[Start of Attachment]

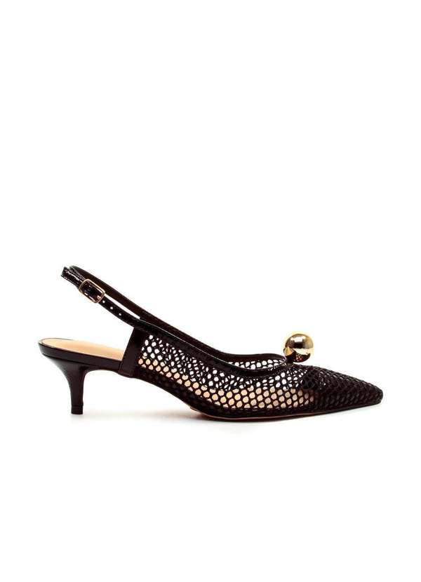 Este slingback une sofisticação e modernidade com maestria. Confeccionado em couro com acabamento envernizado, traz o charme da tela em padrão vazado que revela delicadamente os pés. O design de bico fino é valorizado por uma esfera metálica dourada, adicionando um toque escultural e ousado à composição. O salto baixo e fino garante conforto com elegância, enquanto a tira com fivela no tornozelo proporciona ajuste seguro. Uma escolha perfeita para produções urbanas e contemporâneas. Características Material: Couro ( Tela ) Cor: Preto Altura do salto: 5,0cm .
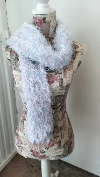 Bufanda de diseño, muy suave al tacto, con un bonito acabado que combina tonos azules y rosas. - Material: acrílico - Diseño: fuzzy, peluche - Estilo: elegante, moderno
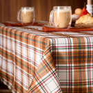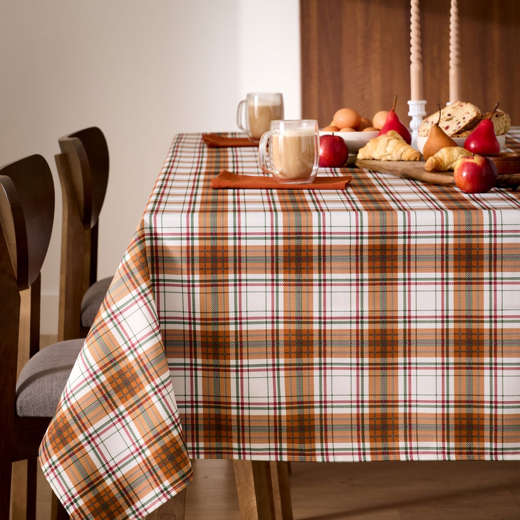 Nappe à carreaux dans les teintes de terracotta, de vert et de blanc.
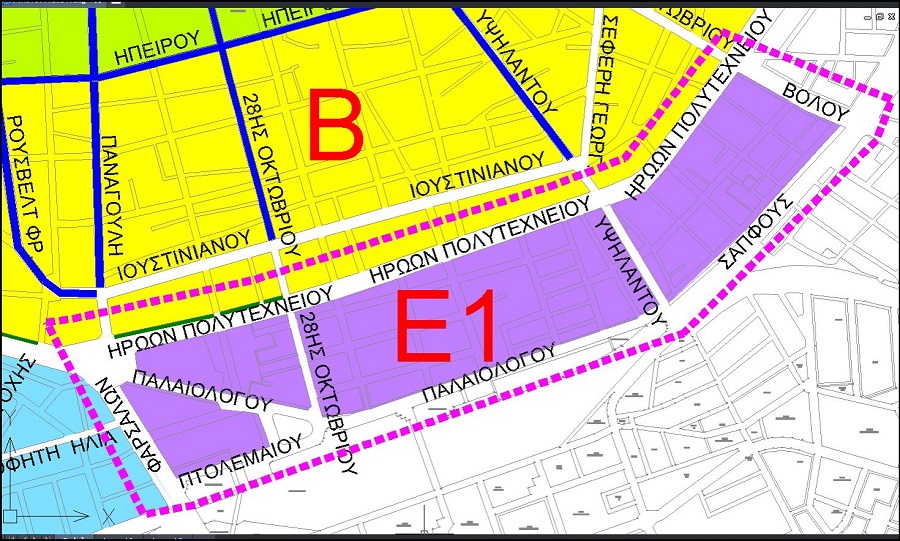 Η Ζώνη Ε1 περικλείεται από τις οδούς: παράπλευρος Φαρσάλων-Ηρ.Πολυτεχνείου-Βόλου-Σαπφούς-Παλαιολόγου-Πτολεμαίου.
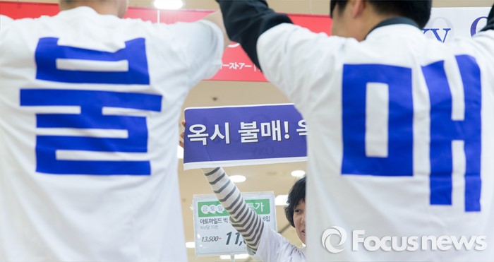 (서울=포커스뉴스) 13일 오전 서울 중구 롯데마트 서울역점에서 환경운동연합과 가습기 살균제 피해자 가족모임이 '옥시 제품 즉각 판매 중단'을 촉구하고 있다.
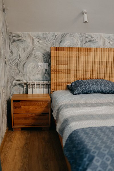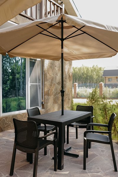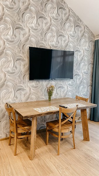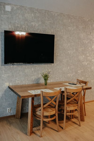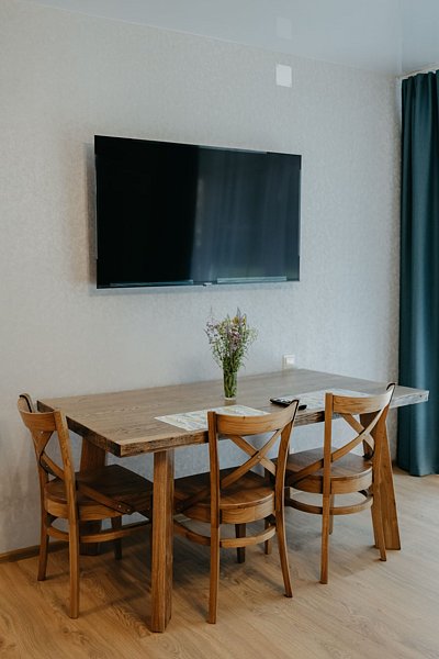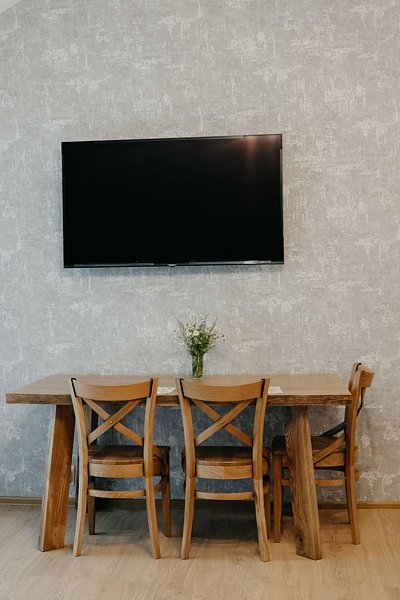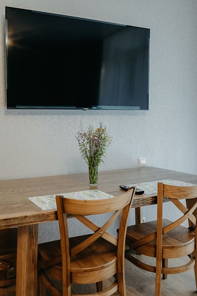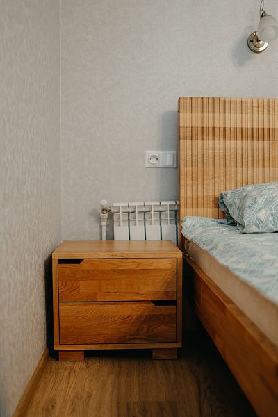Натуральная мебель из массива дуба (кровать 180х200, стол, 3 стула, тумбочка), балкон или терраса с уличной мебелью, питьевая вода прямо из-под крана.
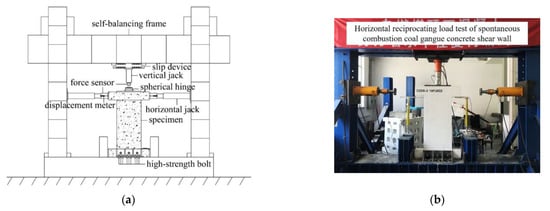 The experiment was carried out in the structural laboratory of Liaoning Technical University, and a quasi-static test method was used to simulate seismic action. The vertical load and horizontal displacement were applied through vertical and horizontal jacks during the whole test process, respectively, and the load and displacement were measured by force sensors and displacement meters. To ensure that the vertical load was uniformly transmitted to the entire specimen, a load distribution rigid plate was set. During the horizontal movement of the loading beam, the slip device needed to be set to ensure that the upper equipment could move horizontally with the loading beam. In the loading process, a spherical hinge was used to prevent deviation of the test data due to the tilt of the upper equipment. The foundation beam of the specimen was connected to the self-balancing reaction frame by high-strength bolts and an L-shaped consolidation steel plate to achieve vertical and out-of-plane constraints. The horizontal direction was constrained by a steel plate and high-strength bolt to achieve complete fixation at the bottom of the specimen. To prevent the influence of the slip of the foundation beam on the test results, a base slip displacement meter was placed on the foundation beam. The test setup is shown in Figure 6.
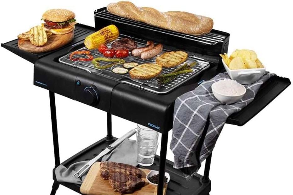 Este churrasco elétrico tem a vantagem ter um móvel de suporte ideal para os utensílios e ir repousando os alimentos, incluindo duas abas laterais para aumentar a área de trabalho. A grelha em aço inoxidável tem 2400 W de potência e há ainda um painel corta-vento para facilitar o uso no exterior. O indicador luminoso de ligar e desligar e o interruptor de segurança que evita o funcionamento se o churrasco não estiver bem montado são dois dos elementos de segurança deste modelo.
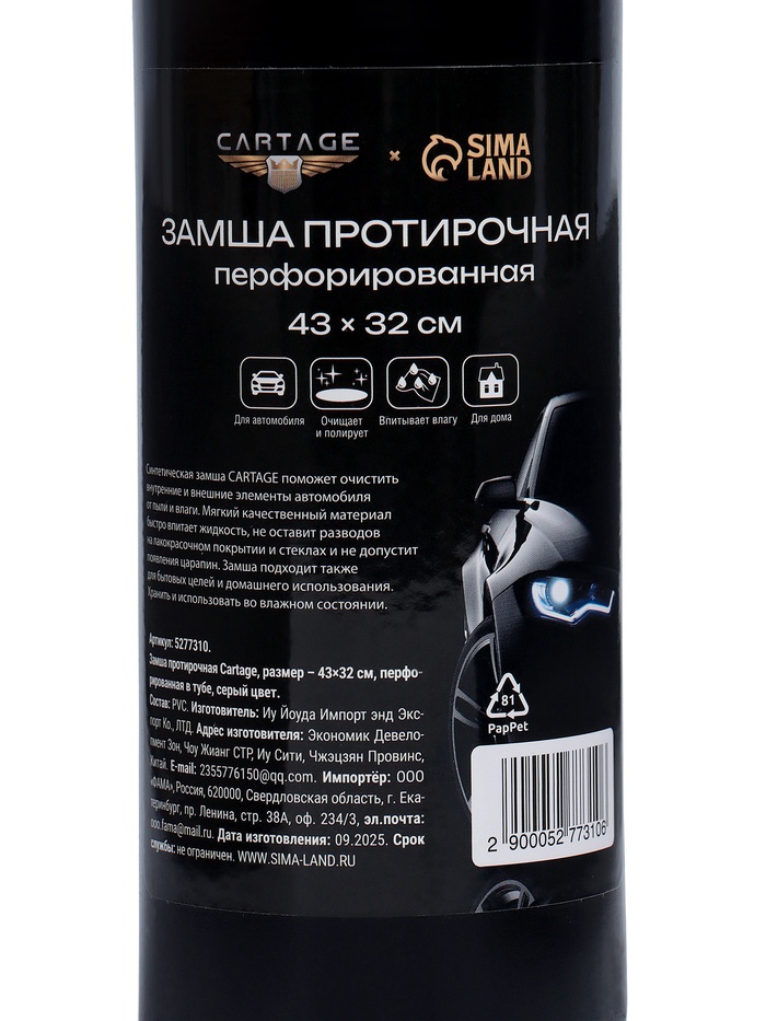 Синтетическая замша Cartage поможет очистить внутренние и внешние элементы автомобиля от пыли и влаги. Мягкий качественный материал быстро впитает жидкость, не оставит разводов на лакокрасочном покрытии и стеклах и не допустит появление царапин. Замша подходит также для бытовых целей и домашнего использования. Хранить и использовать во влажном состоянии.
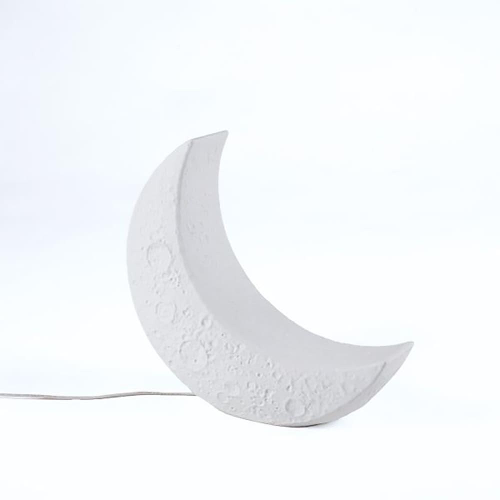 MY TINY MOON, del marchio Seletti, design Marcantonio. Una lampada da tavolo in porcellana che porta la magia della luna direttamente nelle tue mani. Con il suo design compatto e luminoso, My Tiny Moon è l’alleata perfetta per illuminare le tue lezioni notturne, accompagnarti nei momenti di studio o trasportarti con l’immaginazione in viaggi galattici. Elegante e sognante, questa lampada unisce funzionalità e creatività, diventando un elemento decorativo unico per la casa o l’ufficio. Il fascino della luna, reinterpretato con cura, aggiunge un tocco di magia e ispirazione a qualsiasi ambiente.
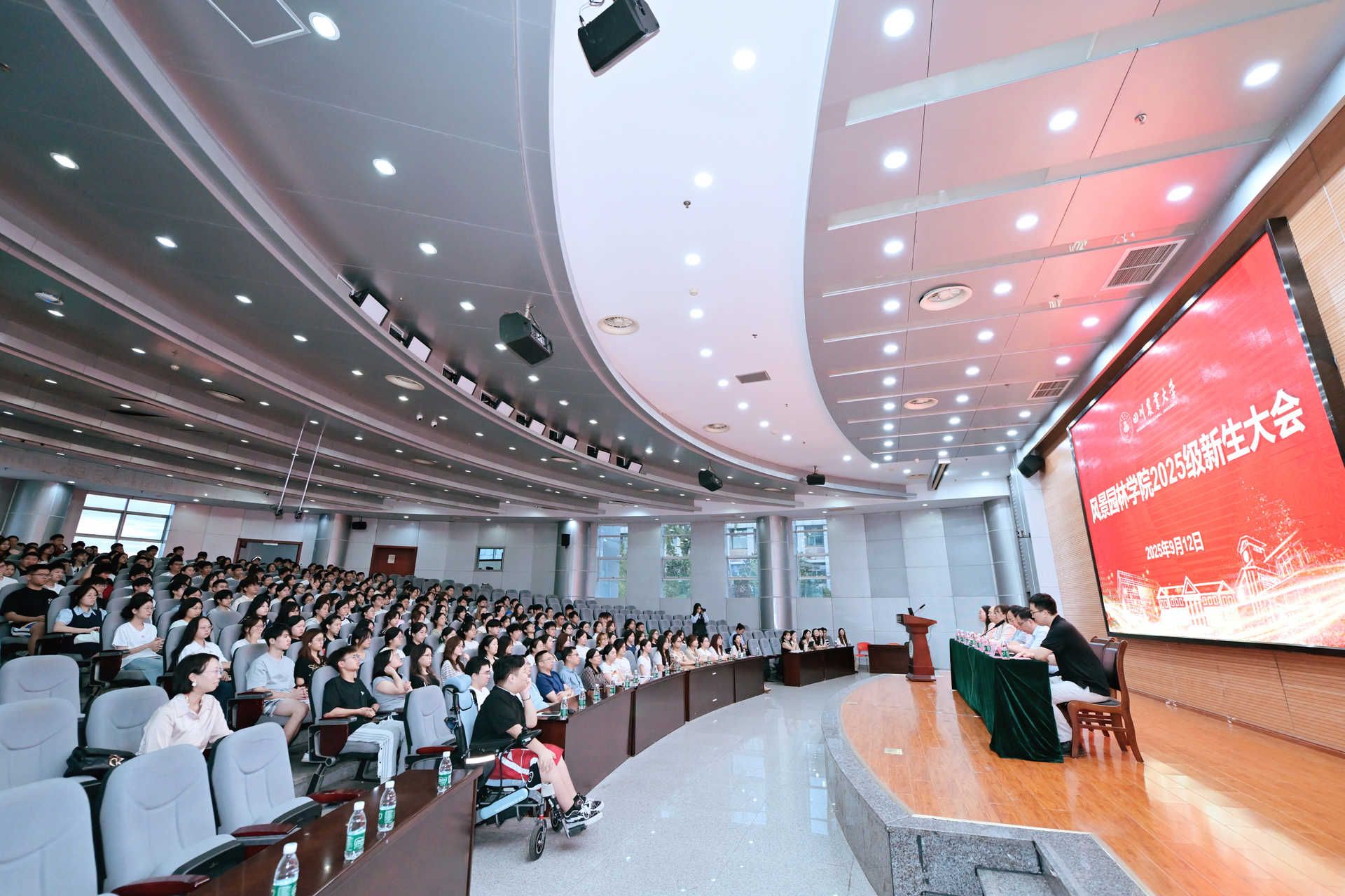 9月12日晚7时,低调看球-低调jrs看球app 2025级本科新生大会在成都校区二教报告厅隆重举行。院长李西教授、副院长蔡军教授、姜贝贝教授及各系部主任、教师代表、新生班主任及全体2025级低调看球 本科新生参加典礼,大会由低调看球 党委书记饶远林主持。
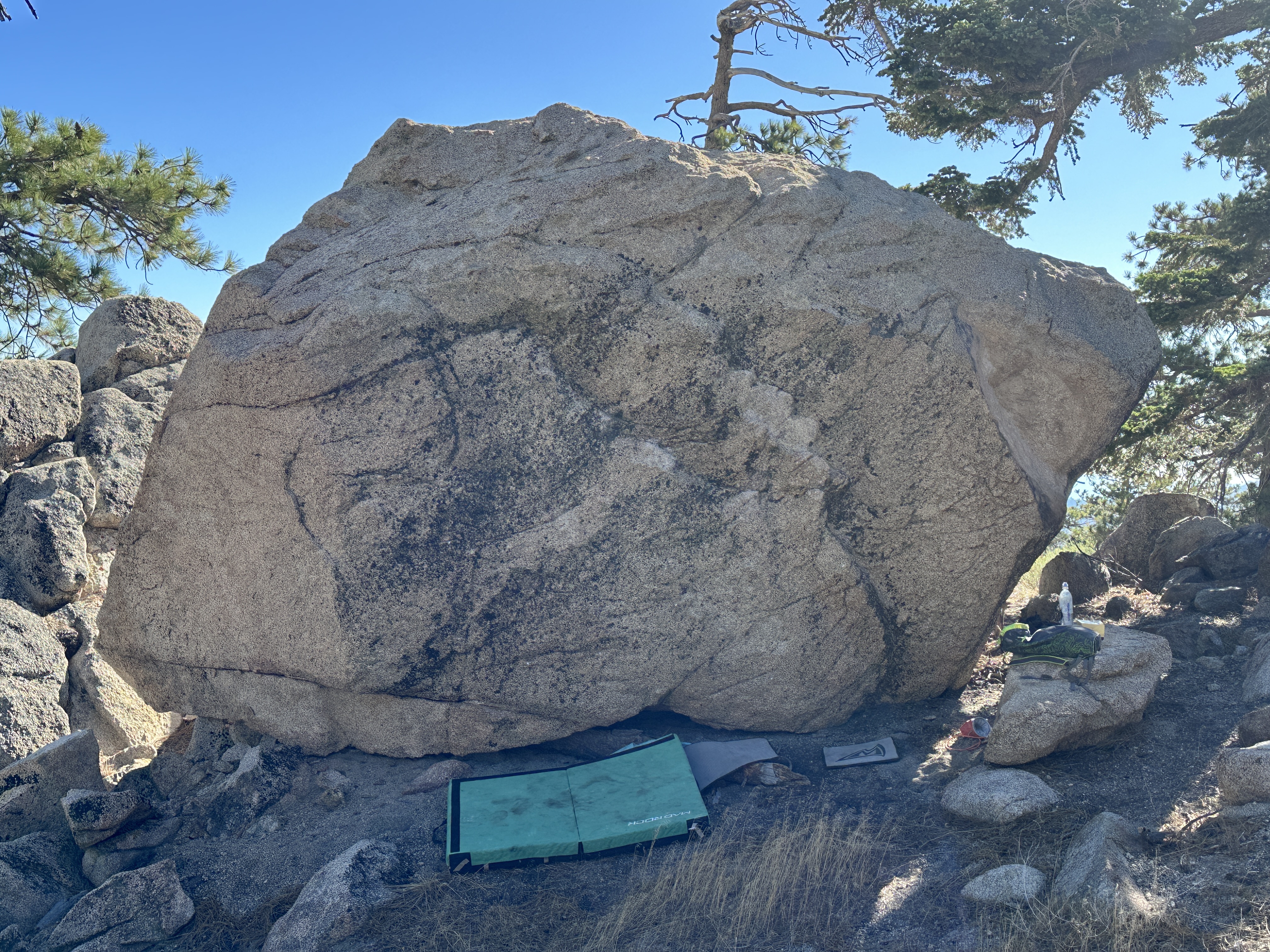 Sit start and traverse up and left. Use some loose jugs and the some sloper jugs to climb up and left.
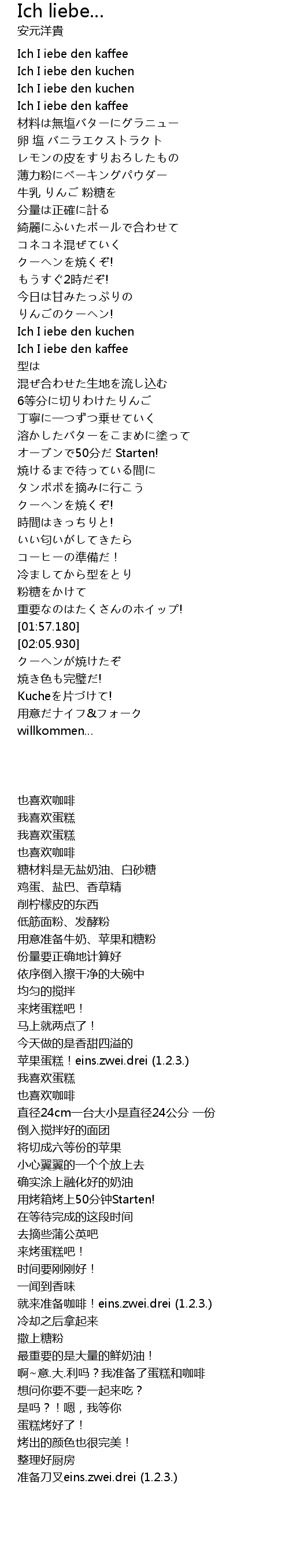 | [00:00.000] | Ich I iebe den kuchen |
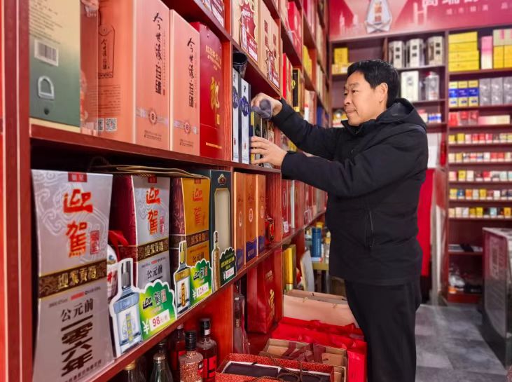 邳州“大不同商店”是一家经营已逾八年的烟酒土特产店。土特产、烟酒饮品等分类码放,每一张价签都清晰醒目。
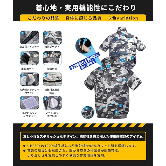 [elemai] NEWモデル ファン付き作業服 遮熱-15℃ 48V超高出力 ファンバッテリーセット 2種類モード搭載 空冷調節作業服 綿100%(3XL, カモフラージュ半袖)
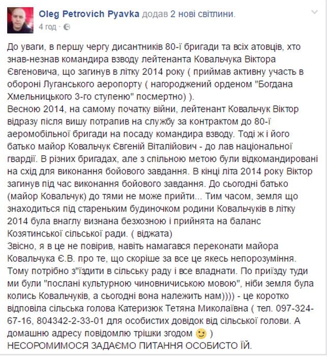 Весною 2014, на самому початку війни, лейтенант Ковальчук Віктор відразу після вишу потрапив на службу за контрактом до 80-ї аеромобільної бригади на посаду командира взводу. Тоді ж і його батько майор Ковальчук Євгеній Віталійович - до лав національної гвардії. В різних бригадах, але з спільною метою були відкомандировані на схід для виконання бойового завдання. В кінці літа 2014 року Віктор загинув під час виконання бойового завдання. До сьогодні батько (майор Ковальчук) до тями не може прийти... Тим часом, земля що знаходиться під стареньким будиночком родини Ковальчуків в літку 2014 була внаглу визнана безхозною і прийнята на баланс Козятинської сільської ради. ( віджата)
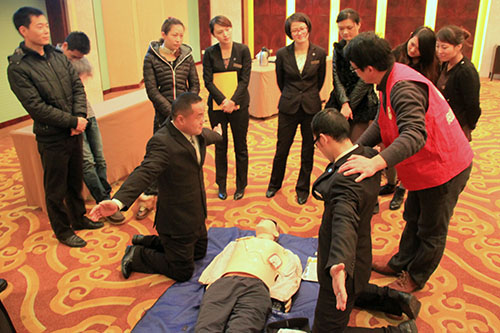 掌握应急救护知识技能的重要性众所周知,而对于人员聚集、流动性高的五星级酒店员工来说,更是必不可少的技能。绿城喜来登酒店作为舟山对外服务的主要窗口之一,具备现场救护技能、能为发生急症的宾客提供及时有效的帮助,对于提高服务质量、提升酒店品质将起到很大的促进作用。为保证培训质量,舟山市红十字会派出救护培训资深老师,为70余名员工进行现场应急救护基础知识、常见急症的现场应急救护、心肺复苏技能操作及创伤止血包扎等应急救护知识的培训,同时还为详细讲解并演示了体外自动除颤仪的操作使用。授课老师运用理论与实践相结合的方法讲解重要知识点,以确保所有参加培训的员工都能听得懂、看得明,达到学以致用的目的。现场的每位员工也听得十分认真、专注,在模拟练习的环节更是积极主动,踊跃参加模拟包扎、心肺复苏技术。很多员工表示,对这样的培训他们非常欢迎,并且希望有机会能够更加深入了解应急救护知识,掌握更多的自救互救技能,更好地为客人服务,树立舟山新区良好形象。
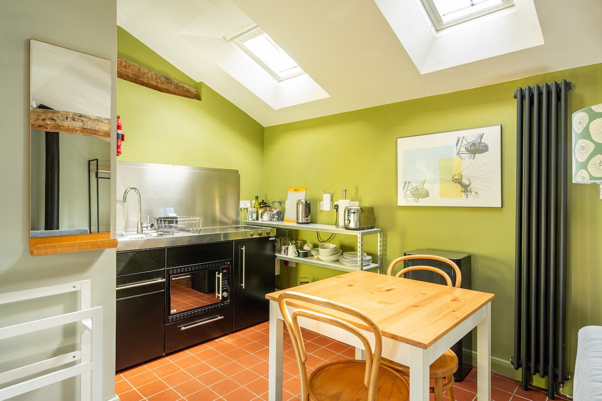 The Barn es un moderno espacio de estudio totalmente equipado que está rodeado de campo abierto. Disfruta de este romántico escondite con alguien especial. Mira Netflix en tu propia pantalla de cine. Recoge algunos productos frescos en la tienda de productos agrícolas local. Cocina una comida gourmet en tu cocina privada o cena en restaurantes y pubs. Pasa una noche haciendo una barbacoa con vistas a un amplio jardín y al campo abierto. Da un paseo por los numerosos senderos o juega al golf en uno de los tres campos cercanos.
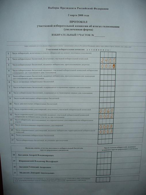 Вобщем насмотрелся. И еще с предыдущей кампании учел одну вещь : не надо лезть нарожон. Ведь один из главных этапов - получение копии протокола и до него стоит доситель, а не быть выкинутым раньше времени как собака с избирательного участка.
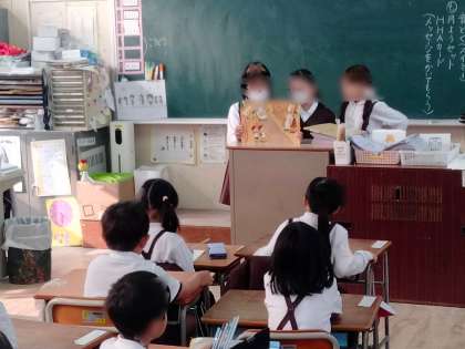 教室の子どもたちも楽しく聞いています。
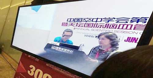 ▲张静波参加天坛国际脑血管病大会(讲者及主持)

[End of Attachment]

No picture is to be printed. Output exactly the lines above from the line containing "(서울=포커스뉴스) 13일 오전" through the line containing "Натуральная мебель из".

 (서울=포커스뉴스) 13일 오전 서울 중구 롯데마트 서울역점에서 환경운동연합과 가습기 살균제 피해자 가족모임이 '옥시 제품 즉각 판매 중단'을 촉구하고 있다.
Натуральная мебель из массива дуба (кровать 180х200, стол, 3 стула, тумбочка), балкон или терраса с уличной мебелью, питьевая вода прямо из-под крана.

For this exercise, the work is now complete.